As a preteen, I was always intrigued by the idea of brother-sister incest -- the consensual kind, of course, the kind where the siblings are roughly the same age, and their natural closeness turns into something else. Friends have assured me that I never would have been into the idea if I’d actually had a brother. And, it’s true -- I think the part that appealed to me was being trapped with a (really hot) guy two years older, who sort of looked like me (except tall and very male, with broad shoulders, flannel shirts and a lean, panther-like grace), and was deeply protective of me, and understood my inner thoughts in an intense, spiritual way, without me having to get over my shyness and get to know him. The part about breaking ancient taboos, hiding in the darkness, and having babies with three arms wasn’t ever as alluring. I’ll always have a lingering fondness for the genre, though, from the cringe-worthy and trashy (Flowers in the Attic; The Blue Lagoon) to the darkly compelling (The Cement Garden; Olivier, Olivier), to everything in between (The Hotel New Hampshire, Hansel and Gretel, Brenda and Billy on Six Feet Under). The stories are best when they’re ambiguous -- you aren’t sure whether the siblings are really siblings, and/or, you aren’t sure whether they’re actually incestuous.

The story of Dorothy and William Wordsworth is fascinating in terms of the aesthetic development of British Romanticism, the history of literary movements and their intersection with social forces, the expression and suppression of intimacy in the late 18th and early 19th centuries, women’s history, and the problems and rewards of literary biography and scholarship. It’s also, of course, if understood in a certain guilty way, the most luridly compelling of ambiguous sibling incest stories. People who pick up Frances Wilson’s The Ballad of Dorothy Wordsworth: A Life for any one of these reasons won’t be disappointed, but some of them might, like me, dive in for one reason and come up for air with an entirely new obsession.

The titular “ballad” centers around four small, paltry-looking notebooks, now known as the Grasmere Journals, written by Dorothy after her brother got married. The night before the wedding, Coleridge had a dream that Dorothy had transformed from herself -- an insightful, fiery, wild girl -- into an unrecognizable, fat woman with thick limbs. (“If I did not know you to be Dorothy,” says Coleridge in his dream, “I never should suppose it.” Dorothy responds, “Why, I have not a feature the same.”) It was true. She wore William’s ring the night before he got married, and when he came to collect it, to take it to her friend Mary, who was about to become his wife, “He slipped it again onto my finger & blessed me fervently.” Later, she tries to keep it together as her brother is off saying his vows, but once the thing is over, she can’t stand it anymore, and throws herself on the bed in a kind of coma, “neither hearing nor seeing anything.”  

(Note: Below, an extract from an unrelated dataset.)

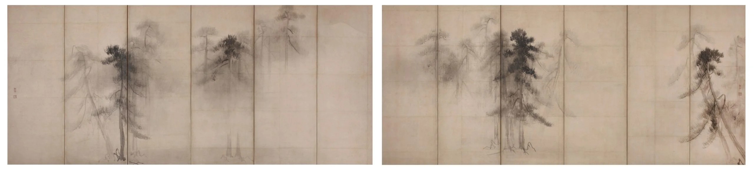 「ぼくはあと何回、満月を見るだろう」という本で坂本さんは芸術におけるロゴスの不信を説いておられ、そして、この「松林図屏風」の話になった、と記憶しております。ロゴスを調べると言葉、意味、論理ということ。ロゴスの反対はパトスで、情熱、感情、哀愁、苦悩、同情ということ。「松林図屏風」はロゴスでもパトスでもなく、直感でしか得られない何かであるような気がして、それは顕現といっていいことであろう、とも思います。それは能舞台の鏡松であるかもしれないし、十牛図の「返本還源」であるかもしれません。「松林図屏風」の前でたたずむことはとてもいいことなのです。

Dorothy was separated from her brothers as a child, and sent to live with relatives. After she was reunited with them as a teen, her mutual attachment to William was fierce. Dorothy was sitting around caring for babies and teaching Sunday school, while William (a year older) was off walking through the Alps and enjoying a political awakening and knocking up a Frenchwoman and going to Cambridge. He wrote her passionate letters, wishing he could share his experiences of nature with her, and it’s no wonder that she fled her current life in order to set off, on foot, with her brother at the first opportunity. Their years of separation gave them a hungry need to make up for lost time.

In the history of women in literature, the line between collaborator and muse is often so thin that it dissolves into nothing. What was Dorothy? She scuttled about after William, recording his beautiful poetry, because William disliked the actual process of writing. She suffered from migraines, and found solace in her garden. She punished herself excessively for her own attempts at poetry or prose, protesting so viciously that it becomes almost impossible not to see her as a closeted poet, fighting herself. (“I have no command of language, no power of expressing my ideas, and no one was ever more inept at moulding words into a regular metre,” she wrote. And, “I did try one story, but failed so sadly that I was completely discouraged.” And, “I should detest the idea of setting myself up as an author.”) She was a fierce, dazzling and accurate critic of her brother’s work, and he tended to take all of her suggestions and use them.

“Dorothy’s comments on [William’s] early poetry,” notes Wilson rather drolly, “reveal that somewhere between picking berries in Halifax, stitching sheets in Penrith, and bathing babies in Forncett she has developed a rather strong and independent poetic sense.”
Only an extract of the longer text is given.